What the exercise asks
In the records below, find the line with "Now then. I" and the line with "- Картошка в"; return exactly those lines and every line between them.

Working data
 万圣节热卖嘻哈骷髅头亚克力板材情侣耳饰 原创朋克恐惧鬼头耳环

---

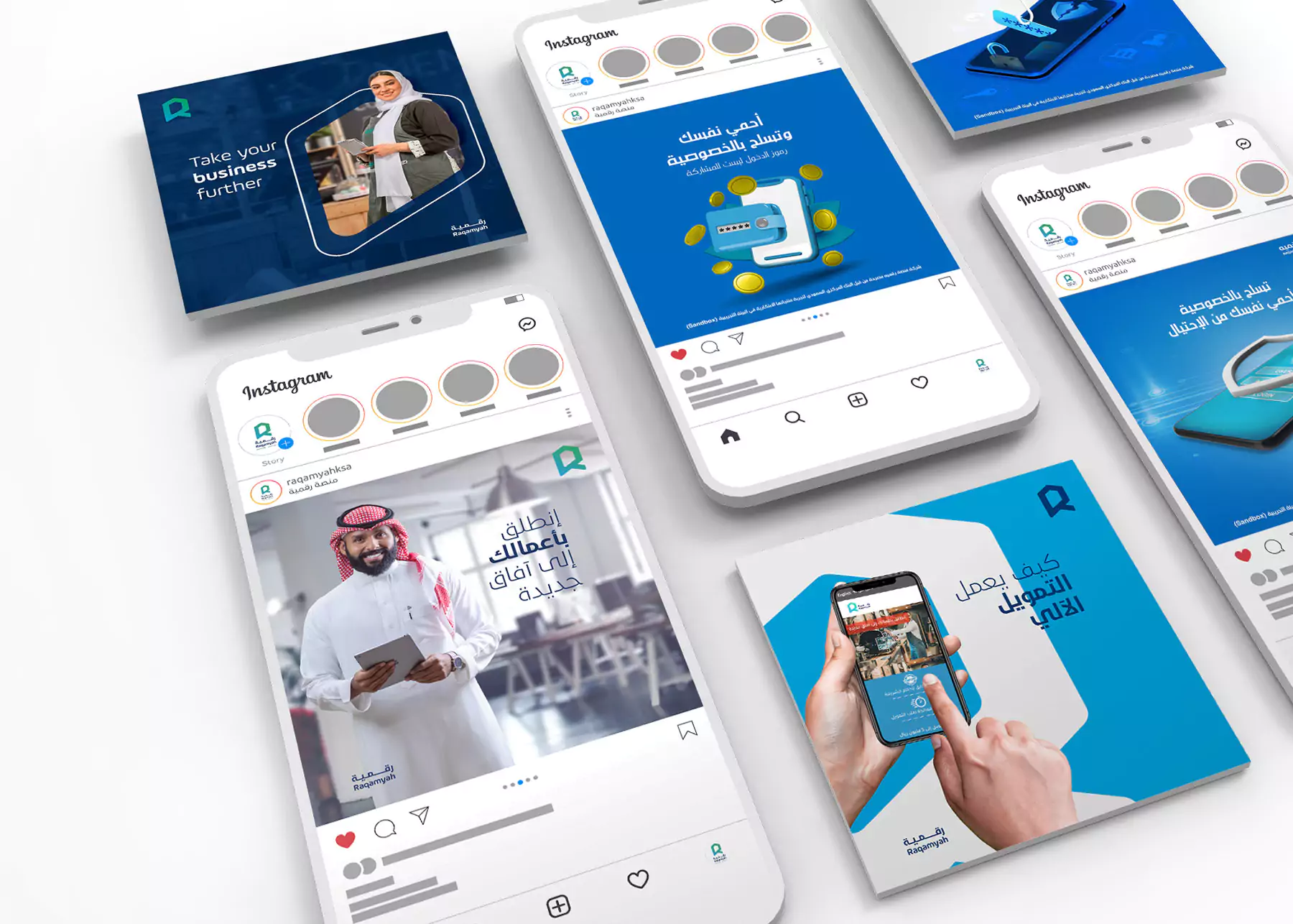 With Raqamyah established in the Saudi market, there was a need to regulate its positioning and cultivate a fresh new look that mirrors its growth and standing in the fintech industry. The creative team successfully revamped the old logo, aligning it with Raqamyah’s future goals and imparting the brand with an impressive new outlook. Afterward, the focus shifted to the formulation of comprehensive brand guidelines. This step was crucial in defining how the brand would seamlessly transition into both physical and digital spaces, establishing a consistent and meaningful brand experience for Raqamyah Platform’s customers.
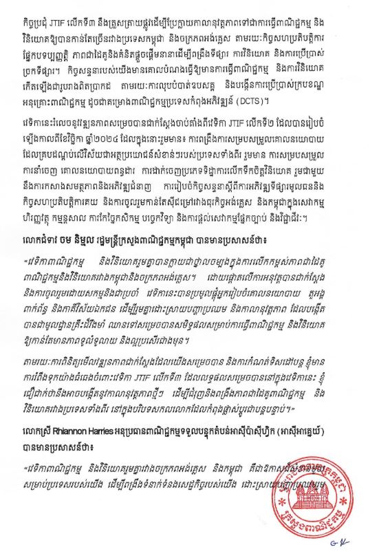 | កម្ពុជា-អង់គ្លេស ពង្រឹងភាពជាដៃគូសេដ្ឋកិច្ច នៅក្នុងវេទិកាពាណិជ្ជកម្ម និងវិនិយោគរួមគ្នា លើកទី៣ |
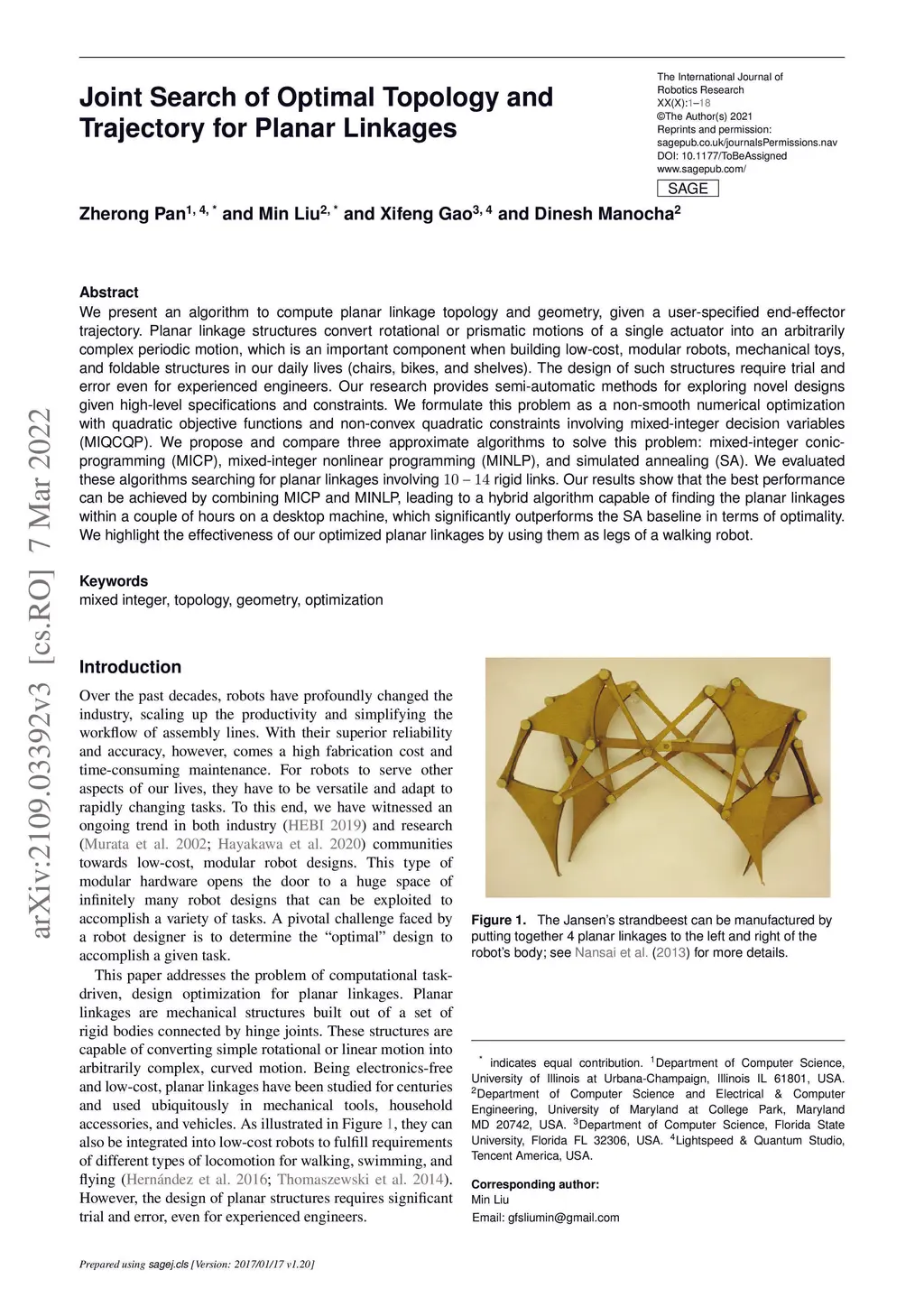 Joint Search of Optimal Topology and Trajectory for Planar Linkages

* * *

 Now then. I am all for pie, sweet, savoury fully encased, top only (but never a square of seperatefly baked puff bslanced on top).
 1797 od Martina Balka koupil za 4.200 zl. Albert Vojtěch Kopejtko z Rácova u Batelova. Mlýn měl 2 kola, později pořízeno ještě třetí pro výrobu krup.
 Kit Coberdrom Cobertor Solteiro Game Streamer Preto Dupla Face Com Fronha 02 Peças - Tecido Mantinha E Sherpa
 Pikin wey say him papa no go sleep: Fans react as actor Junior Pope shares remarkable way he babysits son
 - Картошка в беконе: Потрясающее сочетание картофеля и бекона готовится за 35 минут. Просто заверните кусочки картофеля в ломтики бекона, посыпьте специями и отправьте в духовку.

Written response
 Now then. I am all for pie, sweet, savoury fully encased, top only (but never a square of seperatefly baked puff bslanced on top).
 1797 od Martina Balka koupil za 4.200 zl. Albert Vojtěch Kopejtko z Rácova u Batelova. Mlýn měl 2 kola, později pořízeno ještě třetí pro výrobu krup.
 Kit Coberdrom Cobertor Solteiro Game Streamer Preto Dupla Face Com Fronha 02 Peças - Tecido Mantinha E Sherpa
 Pikin wey say him papa no go sleep: Fans react as actor Junior Pope shares remarkable way he babysits son
 - Картошка в беконе: Потрясающее сочетание картофеля и бекона готовится за 35 минут. Просто заверните кусочки картофеля в ломтики бекона, посыпьте специями и отправьте в духовку.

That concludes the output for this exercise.